Drug Discovery Unit, Division of Biological Chemistry and Drug Discovery, College of Life Sciences, University of Dundee, Dundee DD1 5EH, U.K.
Department of Biochemistry and Biophysics, Texas A&M University, College Station, Texas 77843, United States.
J Med Chem. 2022 Jan 13;65(1):409-423. doi: 10.1021/acs.jmedchem.1c01586. Epub 2021 Dec 15.

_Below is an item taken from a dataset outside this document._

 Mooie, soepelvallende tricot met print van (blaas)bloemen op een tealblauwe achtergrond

With increasing drug resistance in tuberculosis (TB) patient populations, there is an urgent need for new drugs. Ideally, new agents should work through novel targets so that they are unencumbered by preexisting clinical resistance to current treatments. Benzofuran was identified as a potential lead for TB inhibiting a novel target, the thioesterase domain of Pks13. Although, having promising activity against , its main liability was inhibition of the hERG cardiac ion channel. This article describes the optimization of the series toward a preclinical candidate. Despite improvements in the hERG liability in vitro, when new compounds were assessed in ex vivo cardiotoxicity models, they still induced cardiac irregularities. Further series development was stopped because of concerns around an insufficient safety window. However, the demonstration of in vivo activity for multiple series members further validates Pks13 as an attractive novel target for antitubercular drugs and supports development of alternative chemotypes.

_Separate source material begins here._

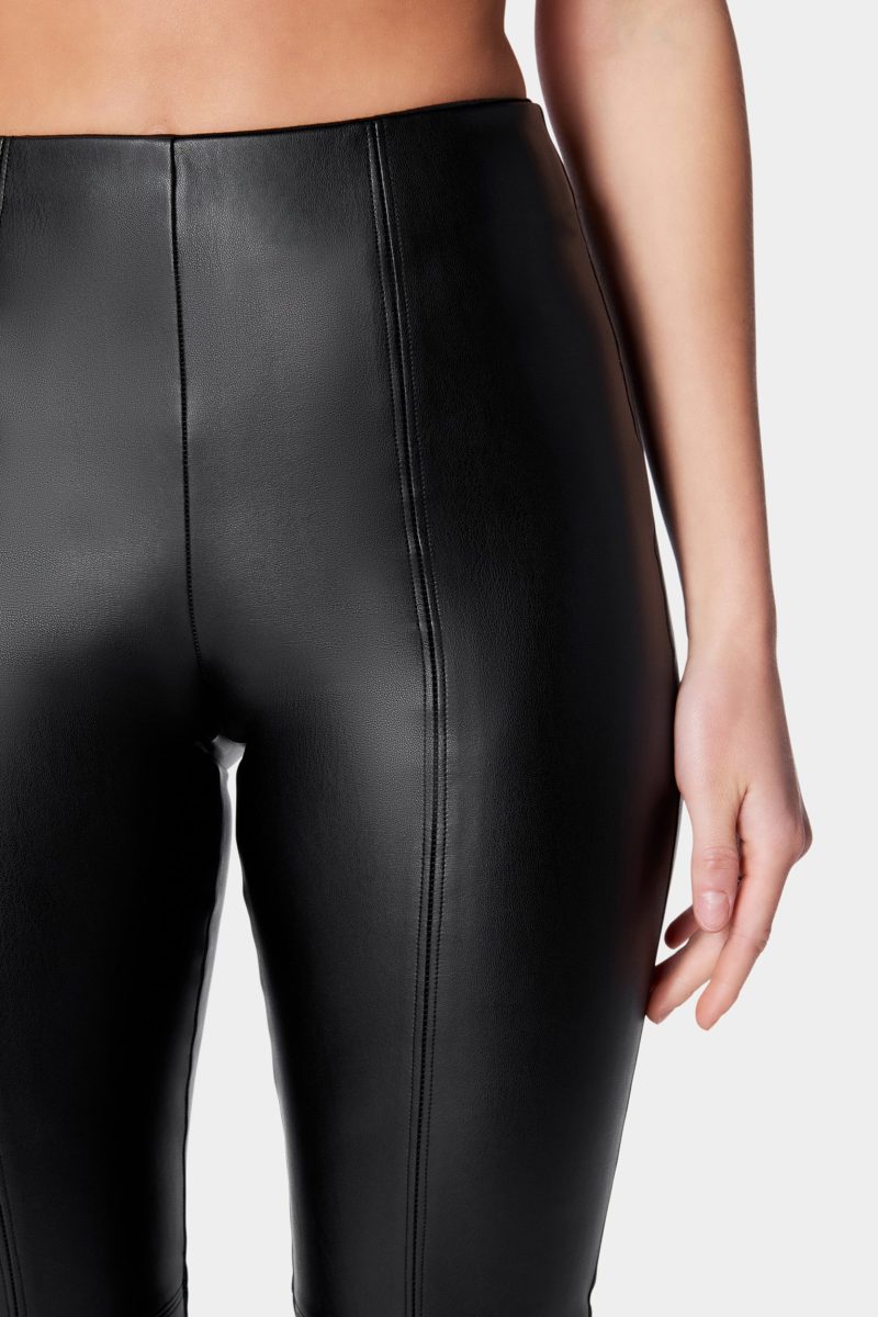Elevate your look with our vegan leather high waist slim leg pant. A perfect blend of luxury and comfort. these pants are crafted from high-quality vegan leather. offering a splash of sophistication to your wardrobe. The high waist cut paired with the slim leg design provides a flattering silhouette that fits seamlessly with any outfit. Ideal for those who value style and sustainability.

随着结核病(TB)患者群体耐药性的增加,迫切需要新的药物。理想情况下,新的药物应该通过新的靶点发挥作用,这样它们就不会受到现有治疗方法的临床耐药性的影响。苯并呋喃被确定为一种有潜力的抗结核药物,它可以抑制 Pks13 的硫酯酶结构域。尽管它对有很好的活性,但它的主要缺点是抑制 hERG 心脏离子通道。本文描述了该系列向临床前候选药物的优化过程。尽管在体外改善了 hERG 的副作用,但当新的化合物在离体心脏毒性模型中进行评估时,它们仍然会引起心脏不规则。由于对安全性窗口不足的担忧,进一步的系列开发被停止。然而,多个系列成员的体内活性的证明进一步证实了 Pks13 作为抗结核药物的一个有吸引力的新靶标,并支持开发替代的化学型。